## Task goal
Return the data exactly, with all pictures removed.

*** Opening of Raw data ***

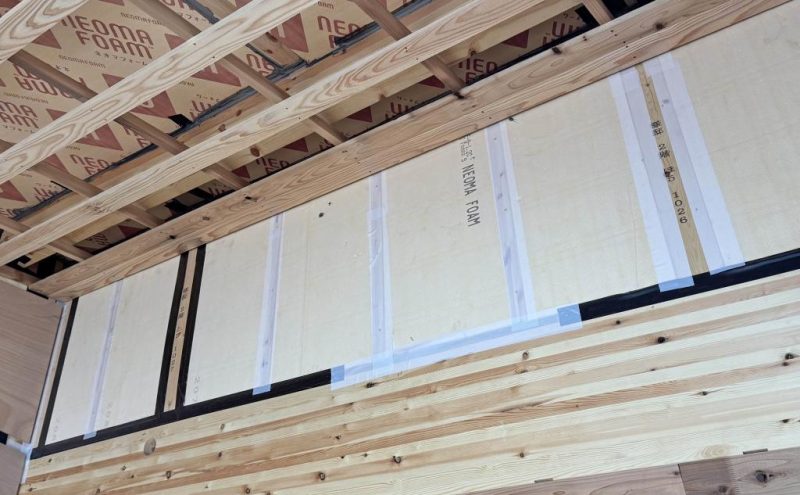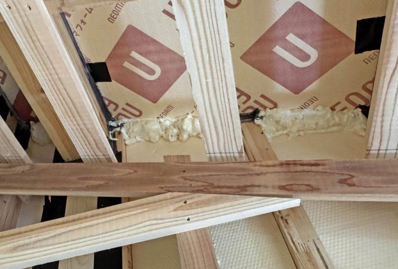 屋根側は 気密テープで気密施工。
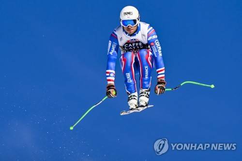epa09680447 Johan Clarey of France in action during a training session of the men's downhill race at the Alpine Skiing FIS Ski World Cup event in Wengen, Switzerland, 12 January 2022. EPA/JEAN-CHRISTOPHE BOTT
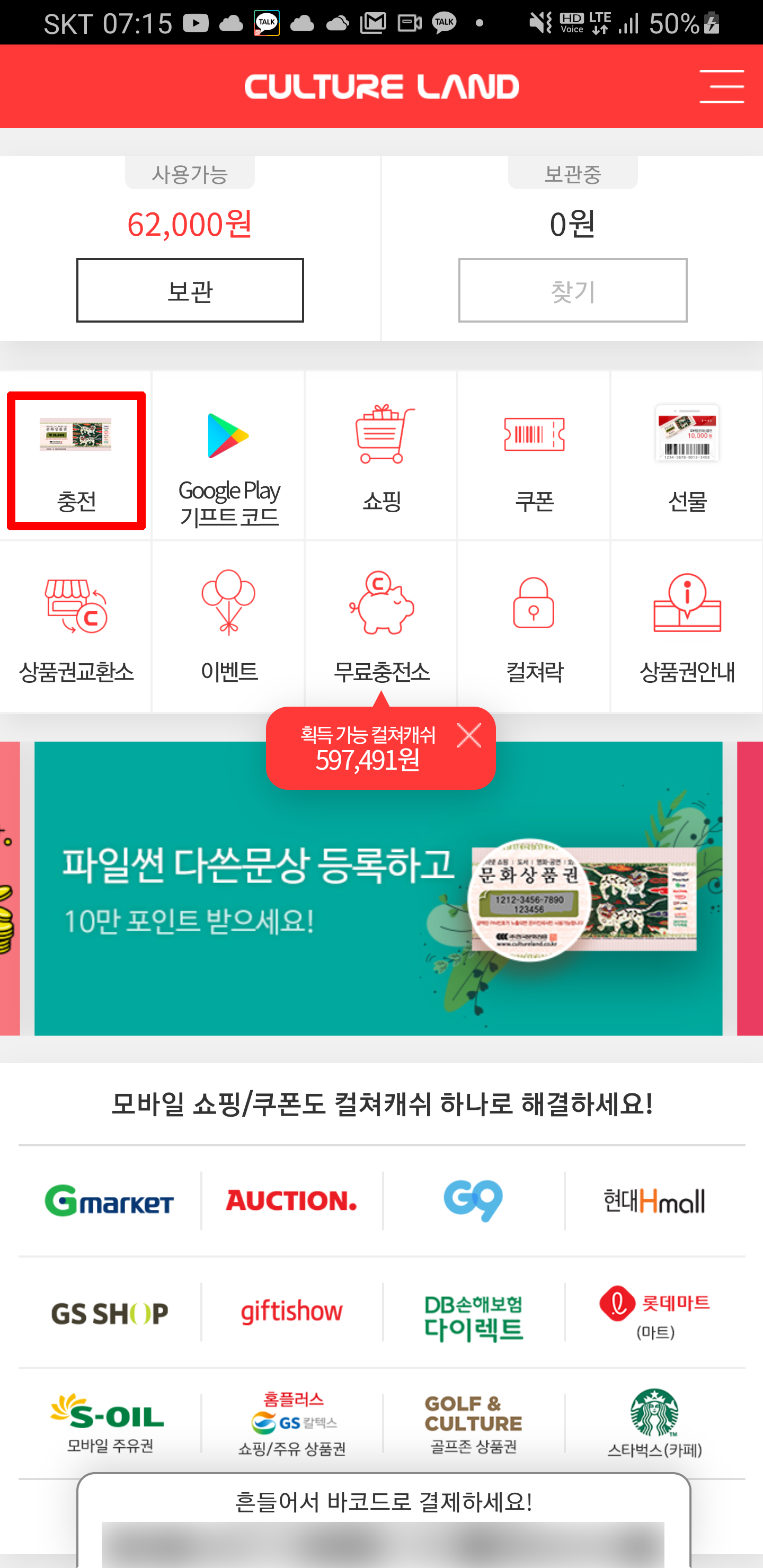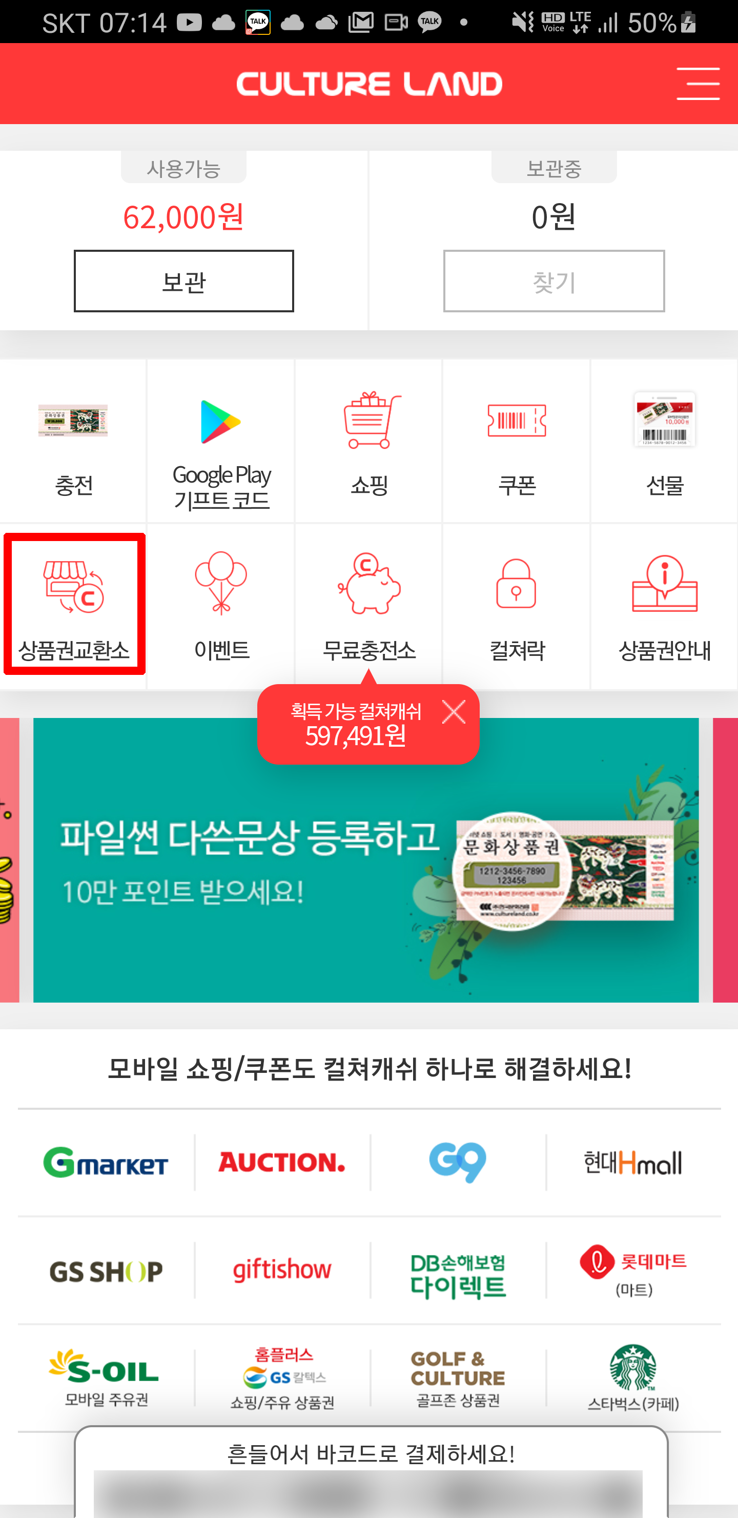 컬쳐랜드 상품권을 사용하는 방법은 여러가지인데 그중에 컬쳐캐쉬로 교환하여 네이버페이 포인트 / 스마일페이 포인트 등으로 교환하기 위한 방법을 추가합니다.

*** Close of Raw data ***

## Result of the exercise
 屋根側は 気密テープで気密施工。
epa09680447 Johan Clarey of France in action during a training session of the men's downhill race at the Alpine Skiing FIS Ski World Cup event in Wengen, Switzerland, 12 January 2022. EPA/JEAN-CHRISTOPHE BOTT
 컬쳐랜드 상품권을 사용하는 방법은 여러가지인데 그중에 컬쳐캐쉬로 교환하여 네이버페이 포인트 / 스마일페이 포인트 등으로 교환하기 위한 방법을 추가합니다.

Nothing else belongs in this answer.